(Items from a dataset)
- Opening Delimiter -

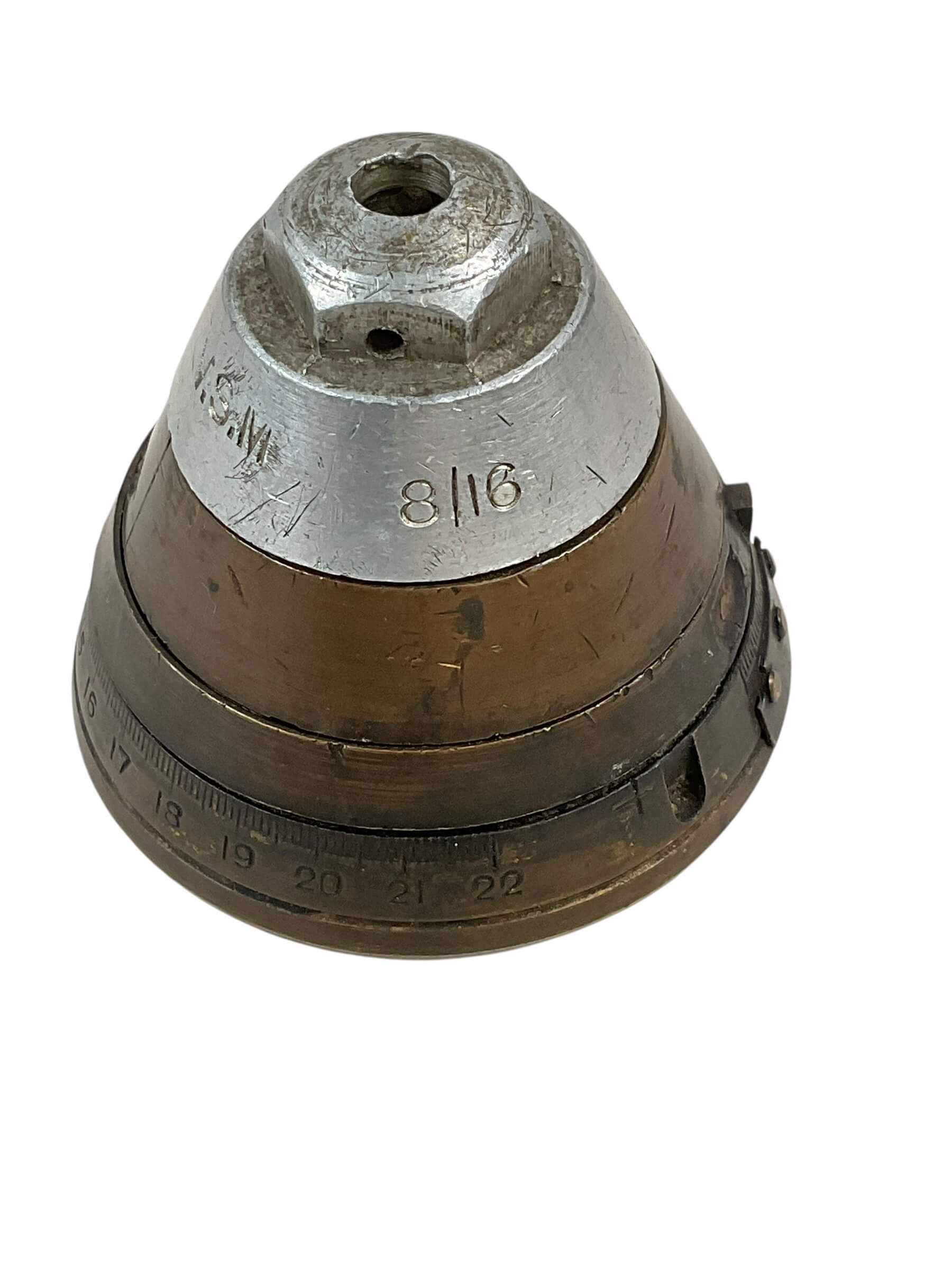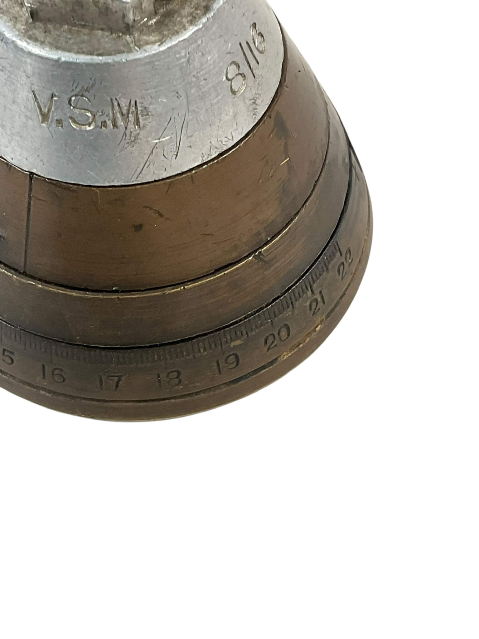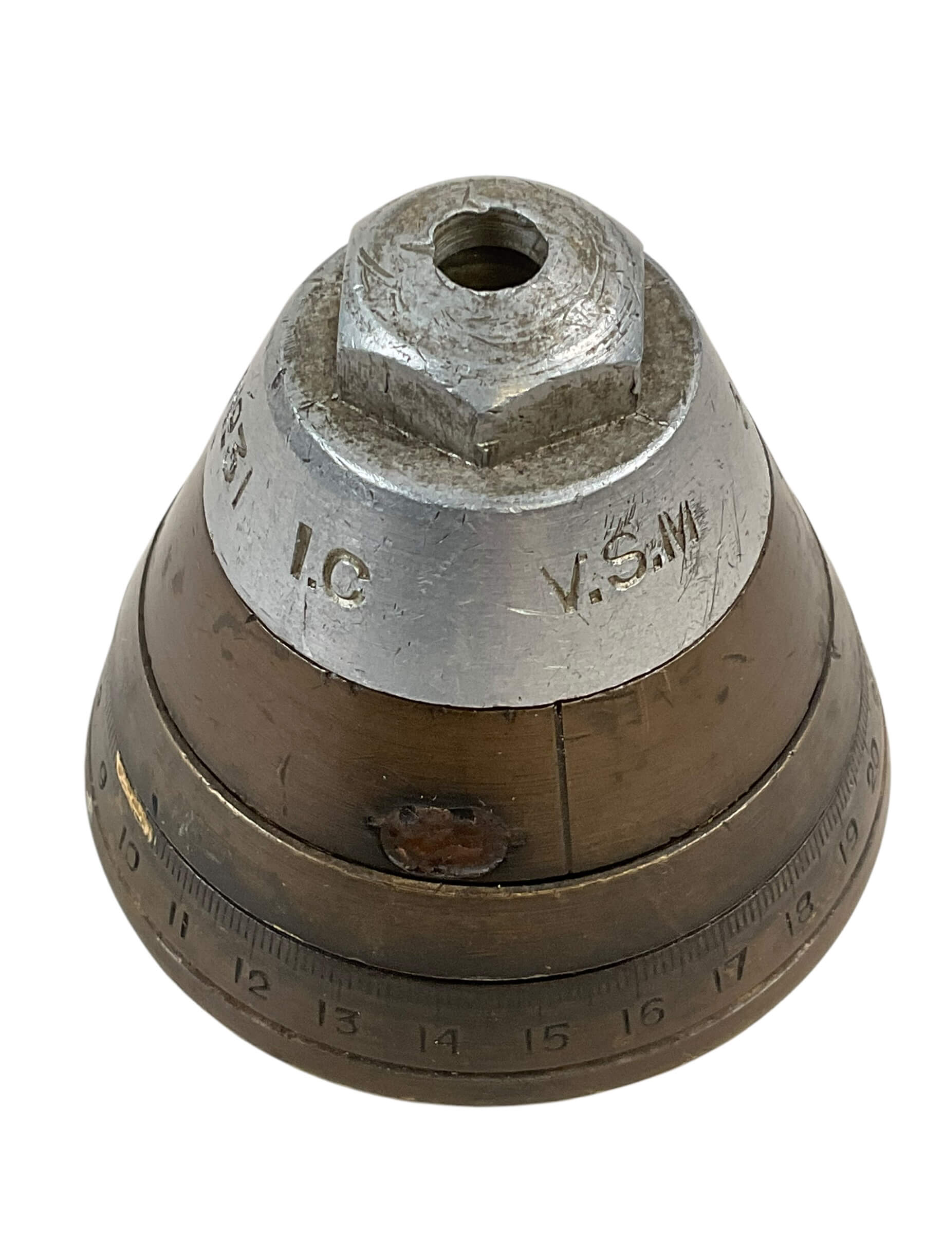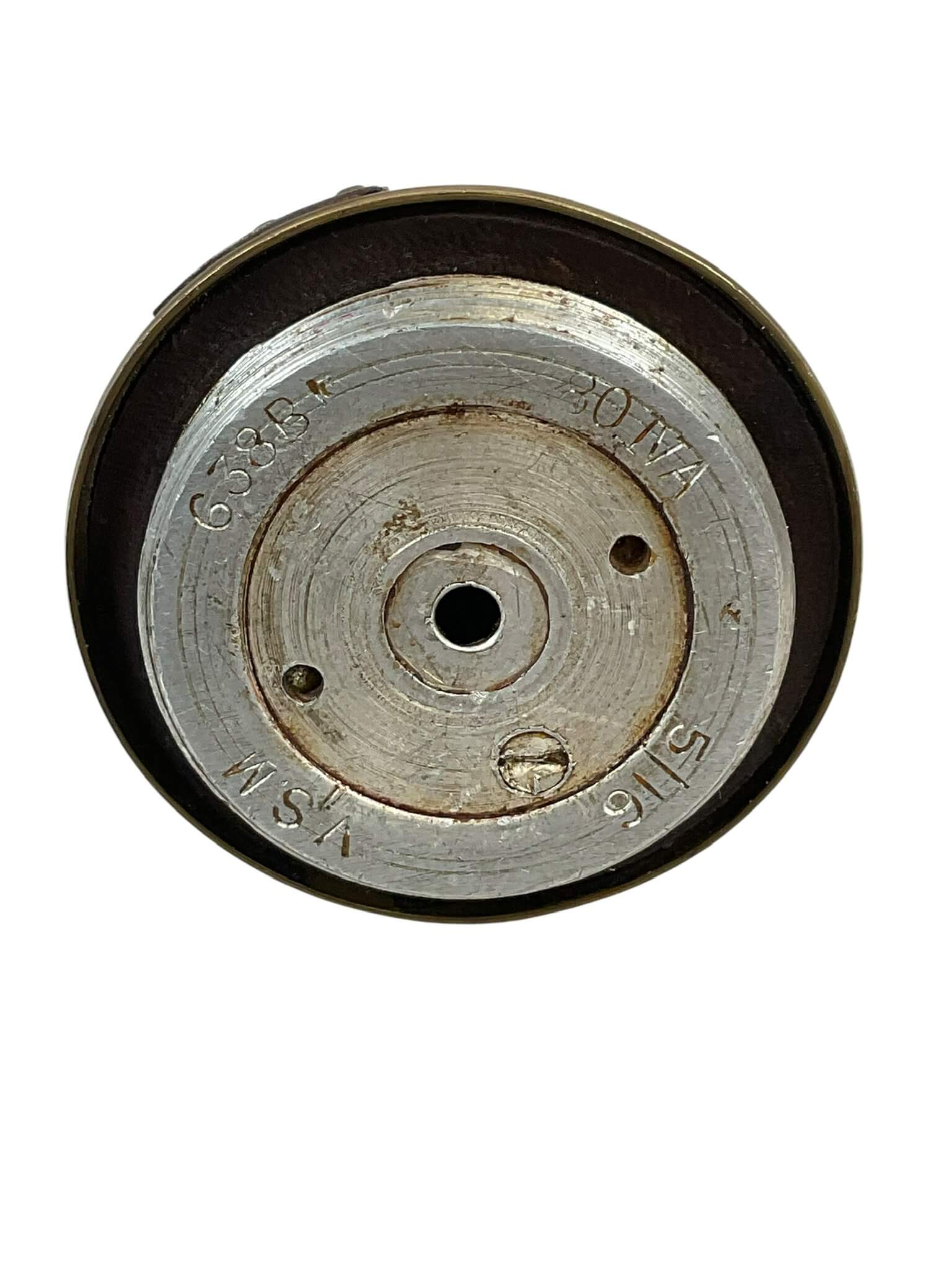 The WW1 British BEF Vickers Howitzer VSM Fuse, dated 1916 and offered here in INERT condition, is a piece of First World War artillery ordnance. This fuse was manufactured for use with Vickers howitzers, which were commonly deployed by the British Expeditionary Force (BEF) on the Western Front. Marked “VSM” (Vickers, Sons & Maxim), the fuse bears a clear 1916 date stamp, indicating its production during a significant phase of the conflict. Constructed from brass and steel, this example retains original manufacturing marks and thread details, characteristic of British munitions from this era. Being inert, there are no explosive components or hazardous materials remaining. Such fuses were a critical component for the timed detonation of artillery shells, enabling precise control over the munitions’ detonation point. This item represents original First World War military technology and provides insight into the evolution of artillery during the early 20th century.
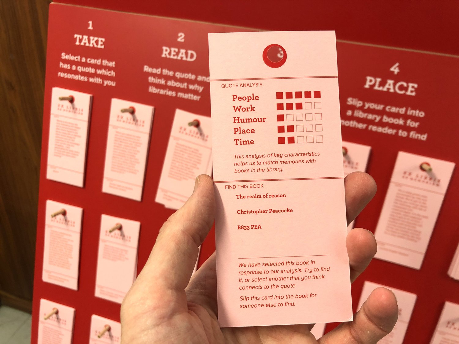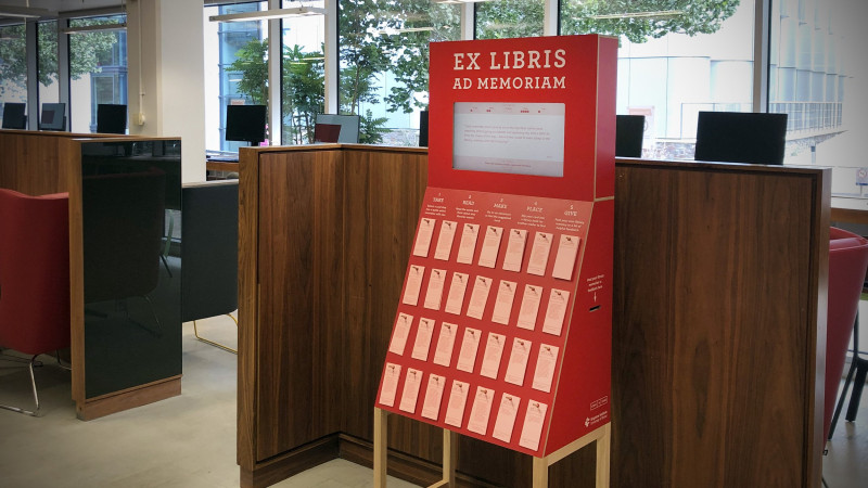 Ex Libris Ad Memoriam playfully shares quotes from oral history interviews and invites visitors to search for an associated book amongst the shelves of the Arts and Social Sciences library at the University of Bristol" (Stand & Stare)
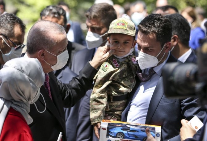 Erdoğan, önceliği millet ve memleket olan herkesle Türkiye ortak paydasında buluşmaya gayret edildiğini belirterek, "Türk siyasetinin 84 milyonu ilgilendiren meselelerde milli mutabakat ruhu ile hareket etmesi gerektiğine inanıyoruz. Siyasi partilerimiz, fikirlerimiz, hayata bakış açılarımız farklı olsa da hepimiz aynı vatanın, aynı toprağın, aynı iklimin insanıyız. Kökenlerimiz, görüşlerimiz ayrı olsa da hepimiz binlerce yıllık ortak bir mazinin kıyamete kadar sürecek ortak bir geleceğin sahipleriyiz. Al bayrağımız bağımsızlığımızın sembolleridir" ifadelerini kullandı.
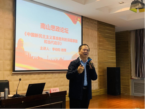 举办南山思政论坛系列讲座,2021年10月9日,首期讲座邀请哲学教授、西安市政协常委、西安市政协决咨委专家、陕西省委党校特聘教授李伯钧为学院青年教师、积极分子讲授《中国新民主主义革命胜利的深层原因和当代启示》党课。学院党委副书记马玥、管峻及百余名师生现场聆听,本次活动由管峻副书记主持。
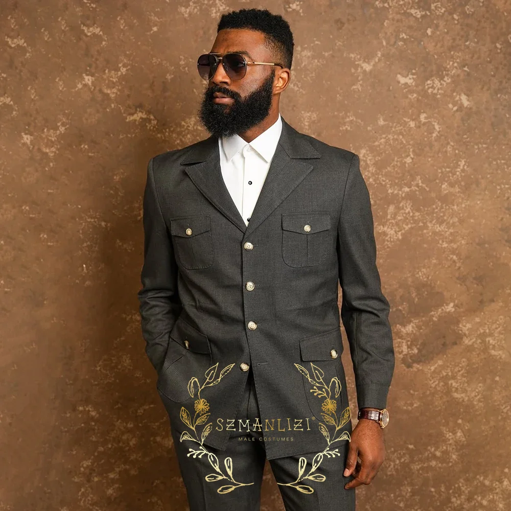- > Ternos Masculinos Cinza Escuro Africano da Moda, Abotoamento Simples, Lapela Entalhada, Corte Slim, Roupa Masculina Personalizada, Conjunto de 2 Peças: Jaqueta e Calça

- Closing Delimiter -

PROBLEM TO SOLVE — Because the pictures are not wanted, retype only the text of every record, exactly as given.

FINISHED TASK —
 The WW1 British BEF Vickers Howitzer VSM Fuse, dated 1916 and offered here in INERT condition, is a piece of First World War artillery ordnance. This fuse was manufactured for use with Vickers howitzers, which were commonly deployed by the British Expeditionary Force (BEF) on the Western Front. Marked “VSM” (Vickers, Sons & Maxim), the fuse bears a clear 1916 date stamp, indicating its production during a significant phase of the conflict. Constructed from brass and steel, this example retains original manufacturing marks and thread details, characteristic of British munitions from this era. Being inert, there are no explosive components or hazardous materials remaining. Such fuses were a critical component for the timed detonation of artillery shells, enabling precise control over the munitions’ detonation point. This item represents original First World War military technology and provides insight into the evolution of artillery during the early 20th century.
 Ex Libris Ad Memoriam playfully shares quotes from oral history interviews and invites visitors to search for an associated book amongst the shelves of the Arts and Social Sciences library at the University of Bristol" (Stand & Stare)
 Erdoğan, önceliği millet ve memleket olan herkesle Türkiye ortak paydasında buluşmaya gayret edildiğini belirterek, "Türk siyasetinin 84 milyonu ilgilendiren meselelerde milli mutabakat ruhu ile hareket etmesi gerektiğine inanıyoruz. Siyasi partilerimiz, fikirlerimiz, hayata bakış açılarımız farklı olsa da hepimiz aynı vatanın, aynı toprağın, aynı iklimin insanıyız. Kökenlerimiz, görüşlerimiz ayrı olsa da hepimiz binlerce yıllık ortak bir mazinin kıyamete kadar sürecek ortak bir geleceğin sahipleriyiz. Al bayrağımız bağımsızlığımızın sembolleridir" ifadelerini kullandı.
 举办南山思政论坛系列讲座,2021年10月9日,首期讲座邀请哲学教授、西安市政协常委、西安市政协决咨委专家、陕西省委党校特聘教授李伯钧为学院青年教师、积极分子讲授《中国新民主主义革命胜利的深层原因和当代启示》党课。学院党委副书记马玥、管峻及百余名师生现场聆听,本次活动由管峻副书记主持。
- > Ternos Masculinos Cinza Escuro Africano da Moda, Abotoamento Simples, Lapela Entalhada, Corte Slim, Roupa Masculina Personalizada, Conjunto de 2 Peças: Jaqueta e Calça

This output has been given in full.